老後不安を抱える中年が増加する現代、その解決策はガテン系にあり! 稼ぎながら体を鍛え、健康を維持して“現役寿命”を延ばすことが、豊かな老後生活に繫がるからだ。おまけに、ガテン系職の多くは「AIに駆逐される」リスクもナシ。
中年から始めるべき肉体派の仕事を調査した。

身も心も健康になれるガテン系副業

夏の山小屋でアルバイトをする44歳元会社員の生活。朝4時起床...の画像はこちら >>
富永優さん(仮名・50歳)
副業・剪定&伐採
週2~3回稼働で副業月収50万円

身も心も健康になれるガテン系副業に勤しむ中年もいる。

「長年サラリーマンとして働いてきましたが、中古マンション投資に目覚め、リーマン・ショック以前から保有していた株の値上がり益もあったので数年前にFIREしました。そのため、今の主な仕事は管理組合の役員。ただ、自由な時間が多いので、植栽の手入れを副業にしています」

こう話すのはマンション管理の傍ら、木の剪定業者としても活動する富永優さん(仮名・50歳)だ。植栽の規模によりけりだが、一回あたりの報酬は15万円程度。副業だけで月に50万円ほど稼いでいる。

「剪定はともかく、伐採って結構高くつく。シルバー人材センターに頼んでも伐採、伐根、処分費で一本あたり10万円近くかかる。
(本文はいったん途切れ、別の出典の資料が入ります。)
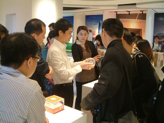 极成光电董事长林陈锋向来访媒体人员介绍极成Geosheen LED照明产品

昨今は人手不足の影響で、専門の植木屋さんに頼むとその倍以上かかる。だったら、自分でやってみようと考えたことが副業のきっかけです。管理組合を通じて所有するマンションの植栽の剪定を自分で受注すれば、収入になるうえに管理費を抑えられる。植木屋さんの半額以下で受注していますが、切る本数が多いときは、一回の報酬が50万円を超えることもある」

大きな木でなければ経験や技術は必要なし

剪定・伐採を始めるにあたって用意したのは、電動ノコギリと電動チェーンソー、シュレッダー、枝葉の掃除のためのブロワーの4つ。10万円もあれば揃うという。


「低コストなうえに誰でもできる。よっぽど大きな木じゃなければ、経験や技術は必要ありません。剪定なら、枝を落とせばいいだけですから」

当初は自身が保有する物件まわりの剪定・伐採を行っていたが、次第に不動産投資仲間から「ウチの植栽も切って」と声がかかるように。その結果、懐はもとより、心も体も潤うようになったとか。

「結構な重労働なので、続けていたらいつの間にか体重は5㎏落ちて体が引き締まりました。木の香りに癒やされるので、体だけでなく心も健康になれる最高の副業です!」

趣味からガテン系仕事を見つけた人も

夏の山小屋でアルバイトをする44歳元会社員の生活。朝4時起床、ネット無しの環境で「3か月80万円」を丸々貯金
吉田耕太郎さん(仮名・44歳)は山開きを前に“山小屋入り”して、物資を運び入れ、登山客の来訪に備える。年間3か月~半年限定の副業だという(画像はイメージです)
吉田耕太郎さん(仮名・44歳)
副業・山小屋管理人
3か月仕事で収入80万円

趣味からガテン系仕事を見つけた人もいる。それが北アルプスの山小屋で働く吉田耕太郎さん(仮名・44歳)だ。

「もともとIT系のエンジニアをやっていたのですが、コロナ禍にメンタルを病んでしまって休職したんです。そのときに心の洗濯のために山登りを始めたら、山に魅了されまして……。山で暮らしたいと考え始めたときに見つけたのが山小屋を管理するバイトだったんです」

吉田さんは春先の山開きに先行して山小屋に入り、食料などの必要物資の搬入から、物資輸送ルートの整備、掃除などを行うという。山開きを迎えたあとは、登山客の対応に追われる日々を送る。

山小屋管理の仕事でうつ病を克服

「シーズン中は朝4時に起床して朝食の準備を始め、日中は掃除や山岳ガイドをやり、夕方以降はまたお客さんの夕食対応をするという毎日が夏の終わりぐらいまで続きます。仕事はハードですが、21時には寝られるし、インターネットはおろか携帯電話も繫がらない環境なので、俗世から解放される。
その生活のおかげで、私はうつ病を完全に克服できました。

山小屋管理報酬は3か月で80万円、半年入れば160万円以上になりますが、山にいるときは本当にまったく使い道がないので、丸々そのお金が貯まる。冬場のシーズンオフは実家で、会社員時代の関係先からリモートで対応できる仕事をもらって生計を立てています」

俗世で疲れ果てた人は、ぜひ挑戦してほしい。